PROBLEM DESCRIPTION ▸ Write out the entries below exactly, but only from the line containing "Используйте лопатку, чтобы" through the line containing "Pantalones blancos de", and without the pictures.

PROVIDED RECORDS ▸

····················

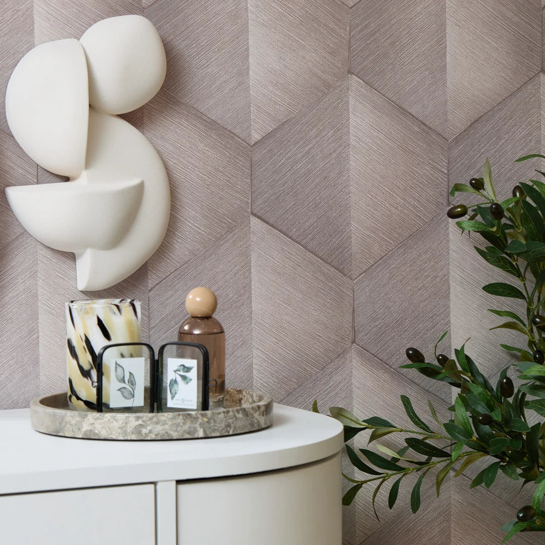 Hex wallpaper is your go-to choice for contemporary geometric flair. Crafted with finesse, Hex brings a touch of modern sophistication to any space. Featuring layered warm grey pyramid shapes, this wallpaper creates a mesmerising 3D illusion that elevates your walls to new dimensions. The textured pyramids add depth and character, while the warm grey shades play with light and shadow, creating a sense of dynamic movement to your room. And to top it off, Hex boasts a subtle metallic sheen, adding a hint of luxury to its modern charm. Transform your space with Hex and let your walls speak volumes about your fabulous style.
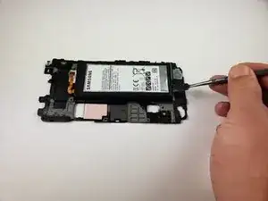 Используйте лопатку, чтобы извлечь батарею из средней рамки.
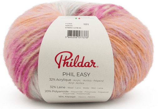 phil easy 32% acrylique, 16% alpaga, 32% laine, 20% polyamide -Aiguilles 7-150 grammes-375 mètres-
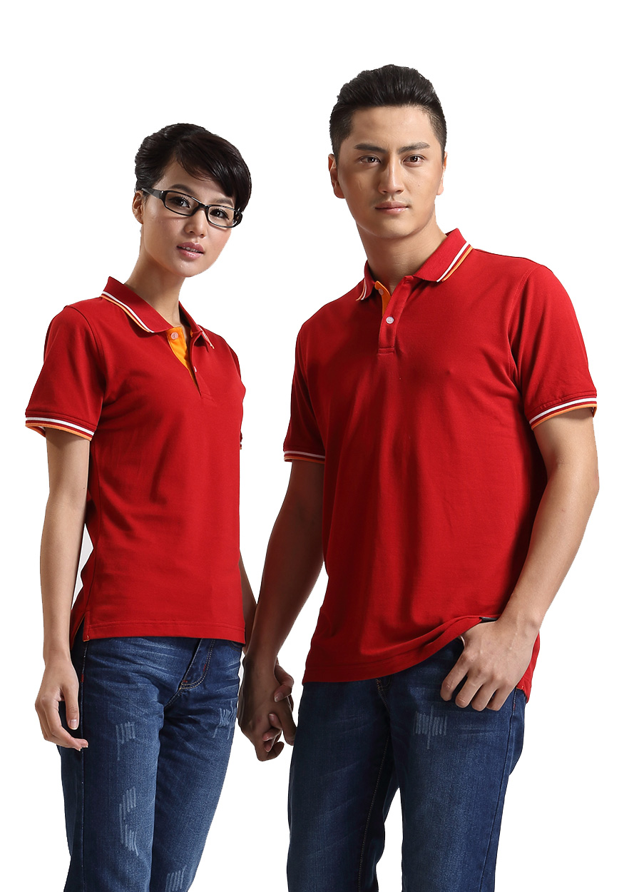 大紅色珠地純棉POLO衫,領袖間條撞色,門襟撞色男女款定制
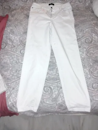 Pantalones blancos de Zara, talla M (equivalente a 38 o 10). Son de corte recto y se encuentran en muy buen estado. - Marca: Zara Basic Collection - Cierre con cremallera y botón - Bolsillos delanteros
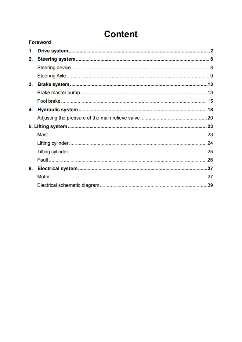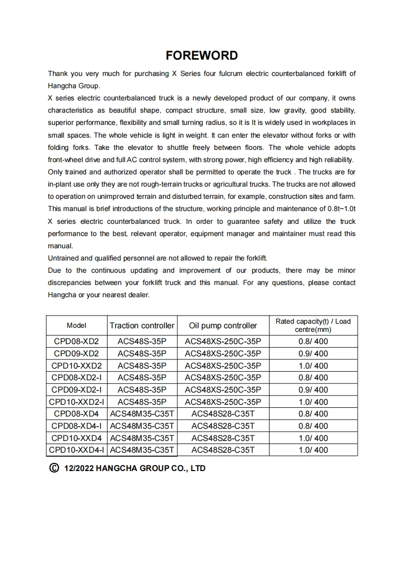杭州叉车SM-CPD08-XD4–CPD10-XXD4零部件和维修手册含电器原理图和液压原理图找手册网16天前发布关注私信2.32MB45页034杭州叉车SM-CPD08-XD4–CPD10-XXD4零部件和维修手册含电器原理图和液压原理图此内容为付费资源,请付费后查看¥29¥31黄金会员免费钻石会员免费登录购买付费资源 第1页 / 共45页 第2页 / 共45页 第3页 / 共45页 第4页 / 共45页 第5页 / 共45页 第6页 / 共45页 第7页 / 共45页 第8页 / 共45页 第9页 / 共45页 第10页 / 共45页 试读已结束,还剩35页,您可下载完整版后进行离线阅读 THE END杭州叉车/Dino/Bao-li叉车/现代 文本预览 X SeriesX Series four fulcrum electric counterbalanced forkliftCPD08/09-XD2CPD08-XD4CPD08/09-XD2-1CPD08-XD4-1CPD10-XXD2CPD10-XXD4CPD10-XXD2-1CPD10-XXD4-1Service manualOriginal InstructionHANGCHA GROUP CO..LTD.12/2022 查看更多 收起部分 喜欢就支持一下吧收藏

····················

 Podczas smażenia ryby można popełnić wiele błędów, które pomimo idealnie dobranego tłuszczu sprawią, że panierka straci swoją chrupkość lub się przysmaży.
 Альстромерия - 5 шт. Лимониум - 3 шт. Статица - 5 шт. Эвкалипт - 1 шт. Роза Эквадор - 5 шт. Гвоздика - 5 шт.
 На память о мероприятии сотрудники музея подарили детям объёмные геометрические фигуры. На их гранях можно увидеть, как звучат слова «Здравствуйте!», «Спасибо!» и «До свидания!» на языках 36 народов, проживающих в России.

····················

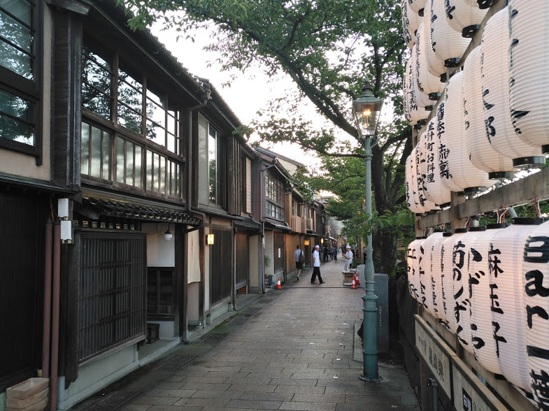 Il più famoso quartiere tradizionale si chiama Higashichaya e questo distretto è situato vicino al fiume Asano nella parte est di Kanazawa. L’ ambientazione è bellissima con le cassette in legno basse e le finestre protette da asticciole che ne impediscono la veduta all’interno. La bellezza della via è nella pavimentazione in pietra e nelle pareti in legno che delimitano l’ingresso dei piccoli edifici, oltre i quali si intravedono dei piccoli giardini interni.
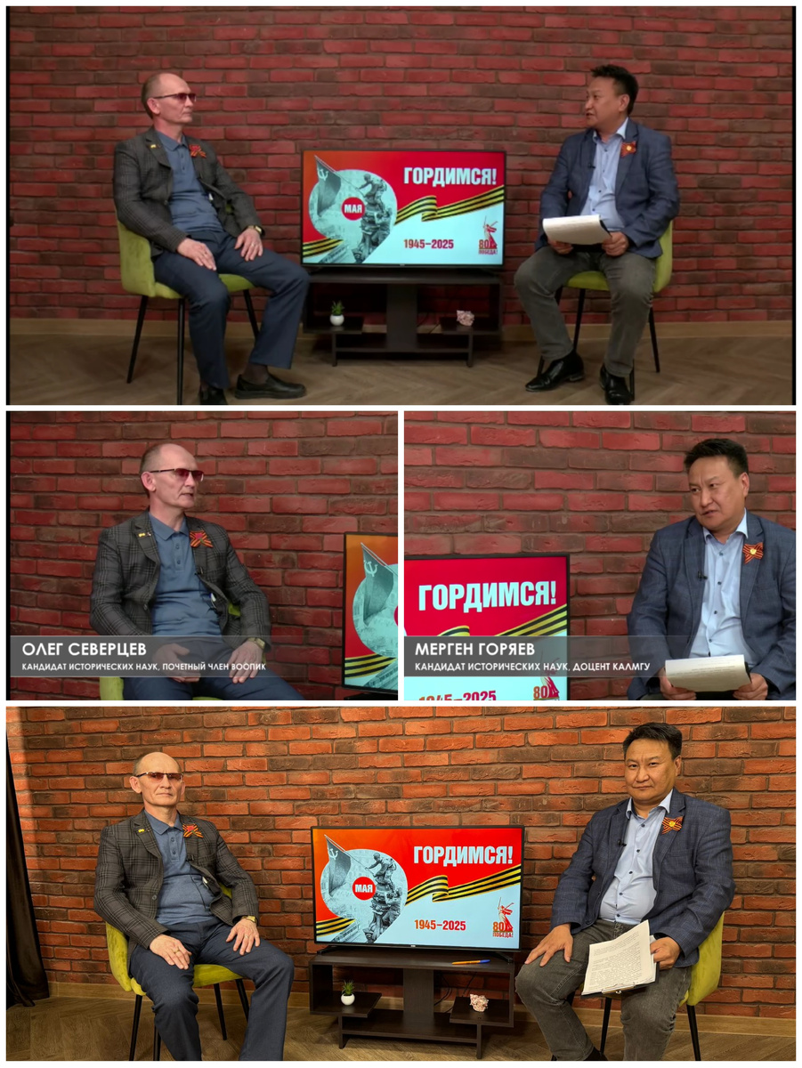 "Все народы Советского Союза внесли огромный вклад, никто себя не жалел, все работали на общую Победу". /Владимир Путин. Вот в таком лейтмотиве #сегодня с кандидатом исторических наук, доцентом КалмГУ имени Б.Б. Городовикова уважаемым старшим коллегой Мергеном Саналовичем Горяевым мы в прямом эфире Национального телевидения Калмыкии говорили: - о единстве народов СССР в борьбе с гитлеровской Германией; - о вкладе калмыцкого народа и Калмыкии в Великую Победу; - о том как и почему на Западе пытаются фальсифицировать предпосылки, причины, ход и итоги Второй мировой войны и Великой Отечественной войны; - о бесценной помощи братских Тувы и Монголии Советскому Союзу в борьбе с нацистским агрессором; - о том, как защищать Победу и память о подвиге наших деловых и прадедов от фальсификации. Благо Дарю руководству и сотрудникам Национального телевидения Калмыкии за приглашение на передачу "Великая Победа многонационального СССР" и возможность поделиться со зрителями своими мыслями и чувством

····················

SOLUTION FOR THIS TASK ▸
 Используйте лопатку, чтобы извлечь батарею из средней рамки.
 phil easy 32% acrylique, 16% alpaga, 32% laine, 20% polyamide -Aiguilles 7-150 grammes-375 mètres-
 大紅色珠地純棉POLO衫,領袖間條撞色,門襟撞色男女款定制
 Pantalones blancos de Zara, talla M (equivalente a 38 o 10). Son de corte recto y se encuentran en muy buen estado. - Marca: Zara Basic Collection - Cierre con cremallera y botón - Bolsillos delanteros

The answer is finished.